# First video GoPro Hero 3



## xD2799 (Feb 26, 2013)

First snowboard video released with hero 3 and Final Cut Pro
watch in HD !


----------



## blunted_nose (Apr 26, 2012)

Let the gorb fest.... BEGIN. 

Again, decent camera work, music sucks, and the riding is sub par for me to enjoy. That is constructive criticism right there... Oh use the 720p 60fps mode.


----------



## BigmountainVMD (Oct 9, 2011)

I would agree. Decent camera work... nice use of the behind pole angle (I hate videos with the camera facing behind someone). I just can't help but be let down every time the beat drops in the song... build up... build up... build up... let down... more cat track riding... 

I think you could put something together if you had some cool off piste riding.

I DID really like the shot 1:12... where it looked like someone was going to chase the camera into the trees... but they fucked it up and stopped!

I also like the beginning, with the sped up chairlift (holy crap that is long) and the driving, it was short but sorta captured the excitement of getting to the mountain for that first run.
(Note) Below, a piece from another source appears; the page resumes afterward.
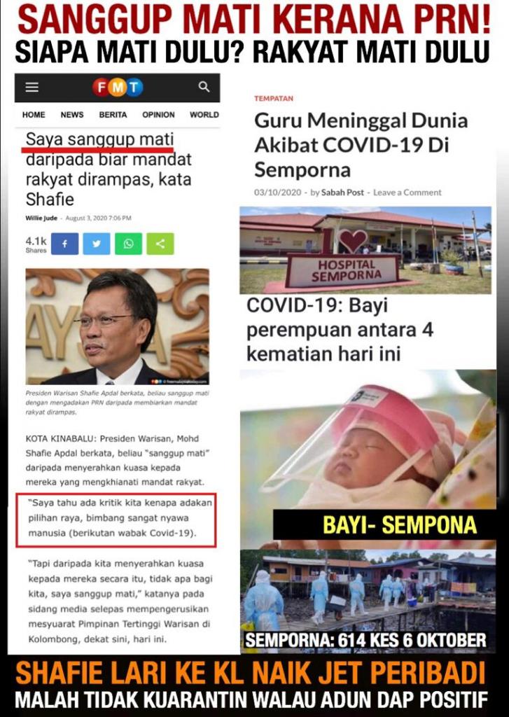 Lihat saja kes Covid-19 di Parlimen Semporna. 6 Oktober 2020 saja kes kumulatif 614 kes dan bakal terus bertambah dari masa ke semasa. Siapa yang menjadi mangsa? Shafie dan keluarga? tidak. Rakyatnya di Sabah dan Semporna yang sengsara malah bayi terkena jangkitan korban terbaru meninggal kerana Covid-19.

I lost interest just after 2 minutes... but try to keep the edits less than 3 minutes... especially if it is all the same kind or riding.

What mountain?


----------



## blunted_nose (Apr 26, 2012)

BigmountainVMD said:


> I would agree. Decent camera work... nice use of the behind pole angle (I hate videos with the camera facing behind someone). I just can't help but be let down every time the beat drops in the song... build up... build up... build up... let down... more cat track riding...
> 
> I think you could put something together if you had some cool off piste riding.
> 
> ...


1+
He kind of summed it up for the OP, in a very nice way. Keep doing them, even if people dont like them. i keep all my old vids uploaded just to see how much worse i was 2 weeks ago. kidding.


----------